▶ **HOW TO COMPLETE THIS TASK**:
Repeat the listing exactly. The images do not belong in the copy.

---- RECORD SET

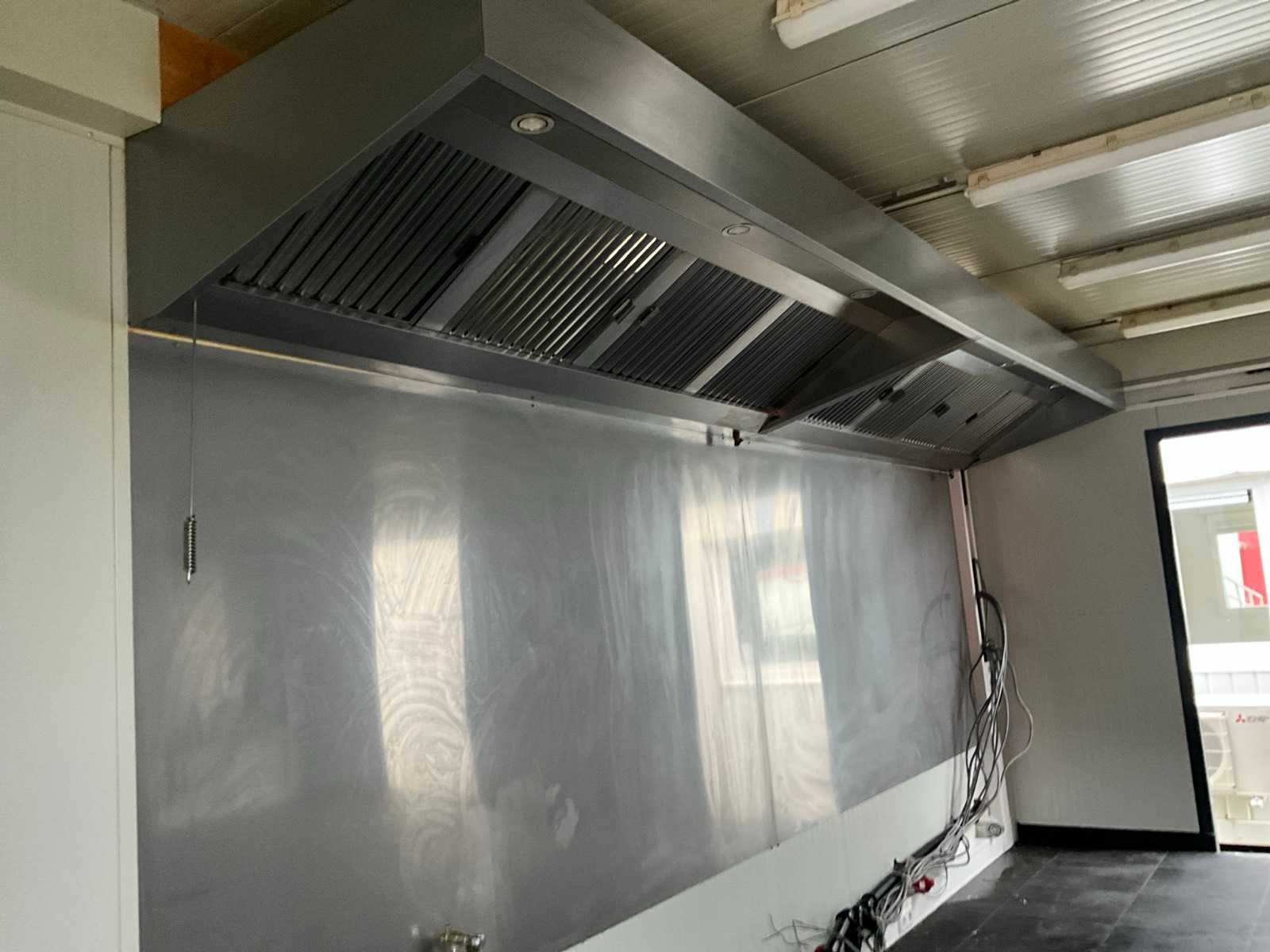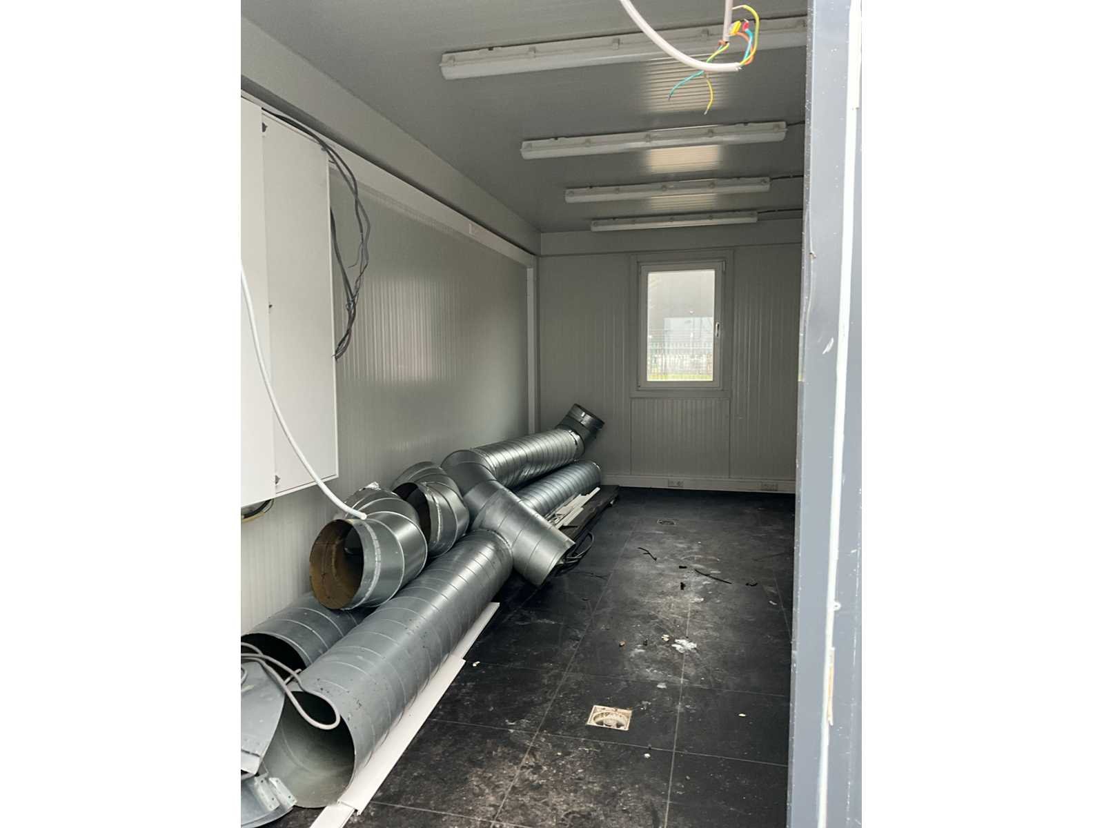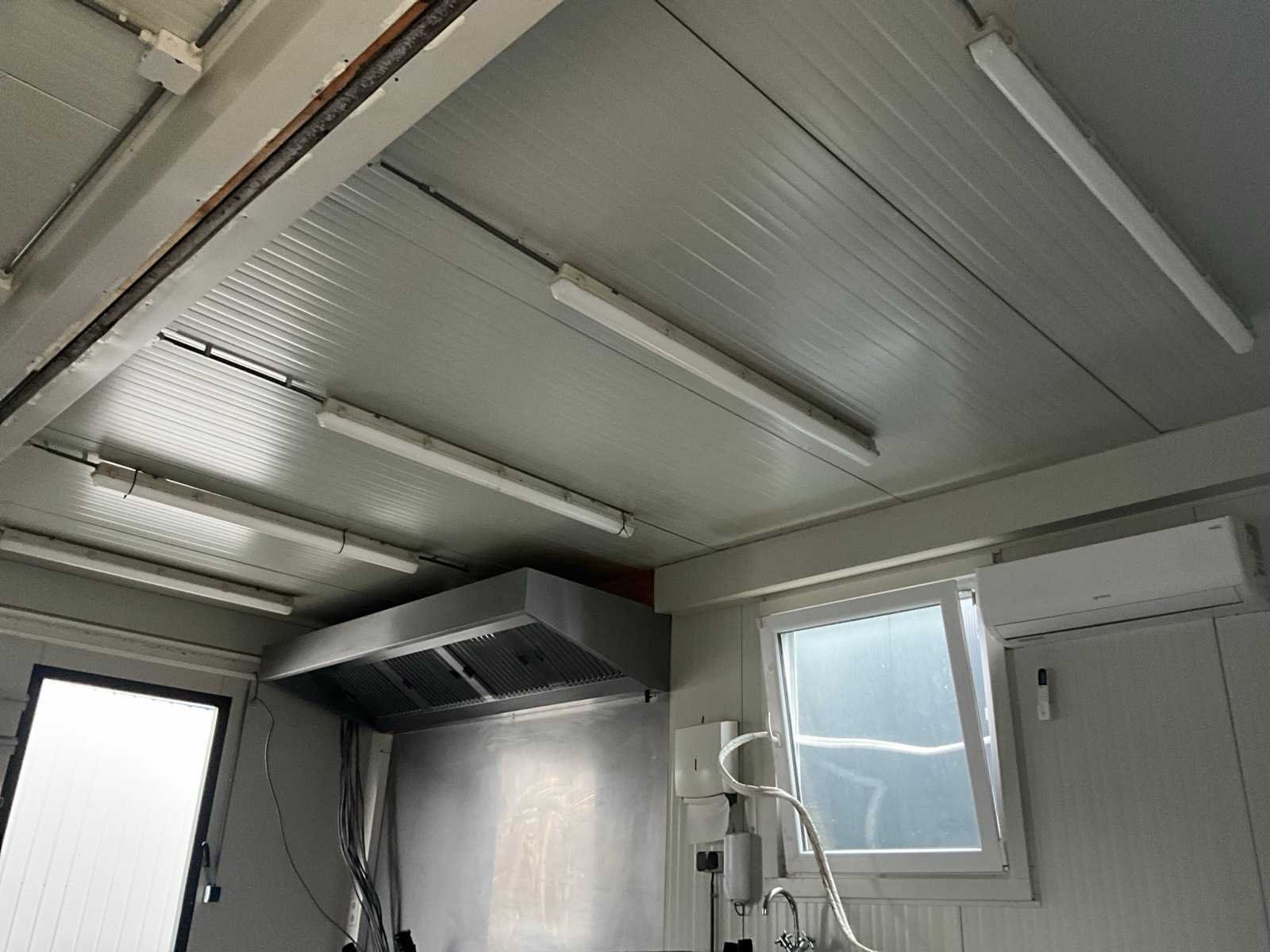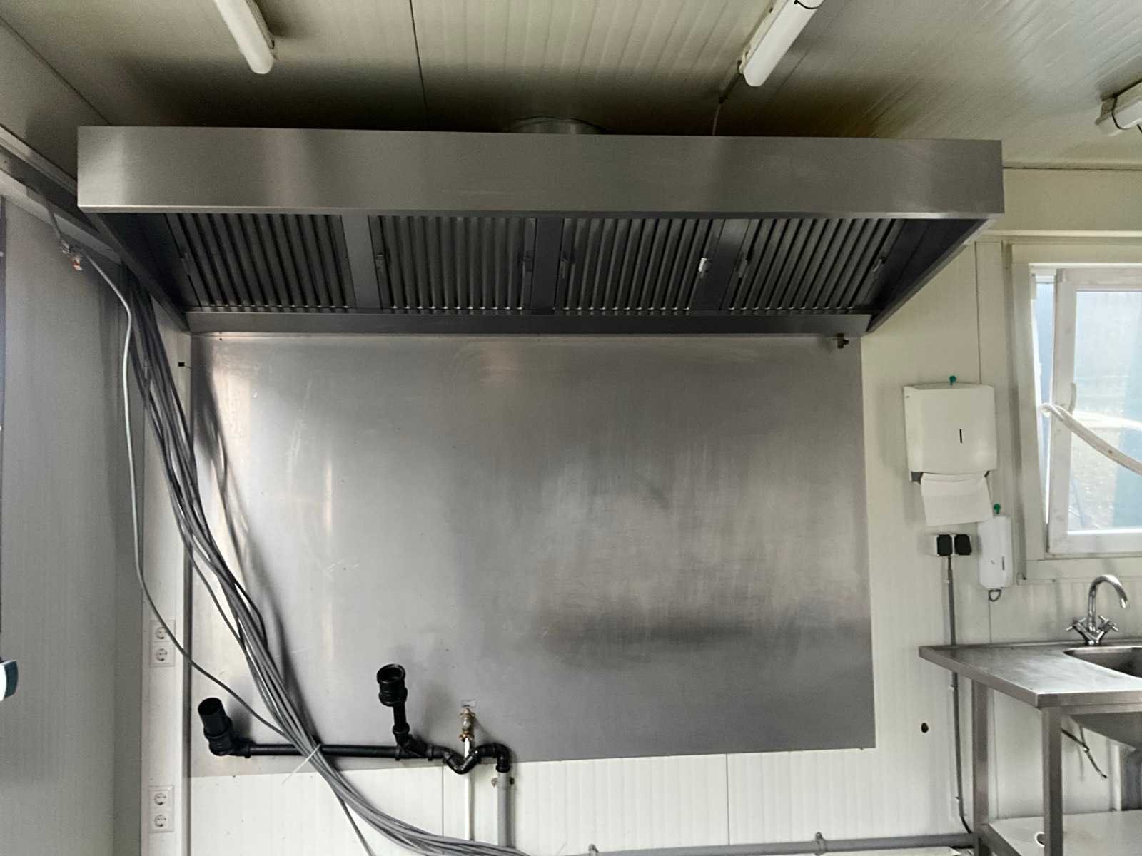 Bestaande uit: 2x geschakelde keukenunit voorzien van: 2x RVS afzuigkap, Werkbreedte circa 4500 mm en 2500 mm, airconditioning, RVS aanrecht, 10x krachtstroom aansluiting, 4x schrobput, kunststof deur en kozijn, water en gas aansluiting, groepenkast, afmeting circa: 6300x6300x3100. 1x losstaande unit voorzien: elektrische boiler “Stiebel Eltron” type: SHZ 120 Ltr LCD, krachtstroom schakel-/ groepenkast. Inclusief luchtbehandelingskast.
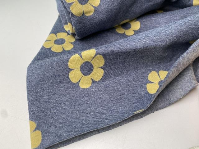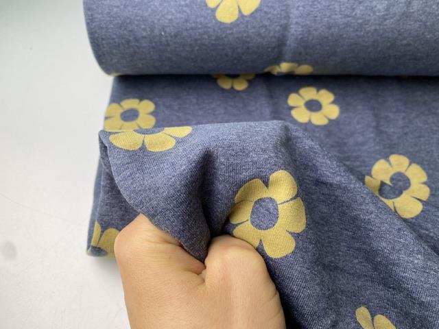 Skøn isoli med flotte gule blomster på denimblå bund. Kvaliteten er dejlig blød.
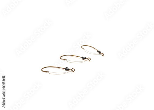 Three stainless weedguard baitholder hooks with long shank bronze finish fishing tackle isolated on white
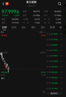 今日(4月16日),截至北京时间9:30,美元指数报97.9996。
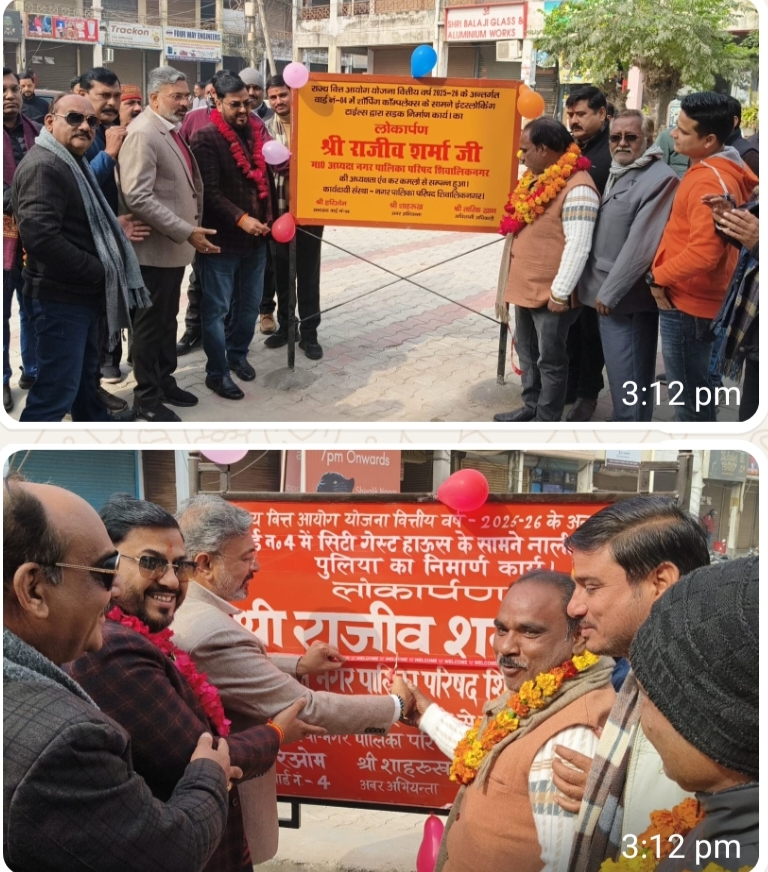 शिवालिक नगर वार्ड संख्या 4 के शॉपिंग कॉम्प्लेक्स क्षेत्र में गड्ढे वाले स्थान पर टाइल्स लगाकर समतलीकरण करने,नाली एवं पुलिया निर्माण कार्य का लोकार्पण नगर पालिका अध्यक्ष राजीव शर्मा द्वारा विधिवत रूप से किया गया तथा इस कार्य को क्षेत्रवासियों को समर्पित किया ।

--------

▶ **RESULT OF THIS TASK**:
 Bestaande uit: 2x geschakelde keukenunit voorzien van: 2x RVS afzuigkap, Werkbreedte circa 4500 mm en 2500 mm, airconditioning, RVS aanrecht, 10x krachtstroom aansluiting, 4x schrobput, kunststof deur en kozijn, water en gas aansluiting, groepenkast, afmeting circa: 6300x6300x3100. 1x losstaande unit voorzien: elektrische boiler “Stiebel Eltron” type: SHZ 120 Ltr LCD, krachtstroom schakel-/ groepenkast. Inclusief luchtbehandelingskast.
 Skøn isoli med flotte gule blomster på denimblå bund. Kvaliteten er dejlig blød.
 Three stainless weedguard baitholder hooks with long shank bronze finish fishing tackle isolated on white
 今日(4月16日),截至北京时间9:30,美元指数报97.9996。
 शिवालिक नगर वार्ड संख्या 4 के शॉपिंग कॉम्प्लेक्स क्षेत्र में गड्ढे वाले स्थान पर टाइल्स लगाकर समतलीकरण करने,नाली एवं पुलिया निर्माण कार्य का लोकार्पण नगर पालिका अध्यक्ष राजीव शर्मा द्वारा विधिवत रूप से किया गया तथा इस कार्य को क्षेत्रवासियों को समर्पित किया ।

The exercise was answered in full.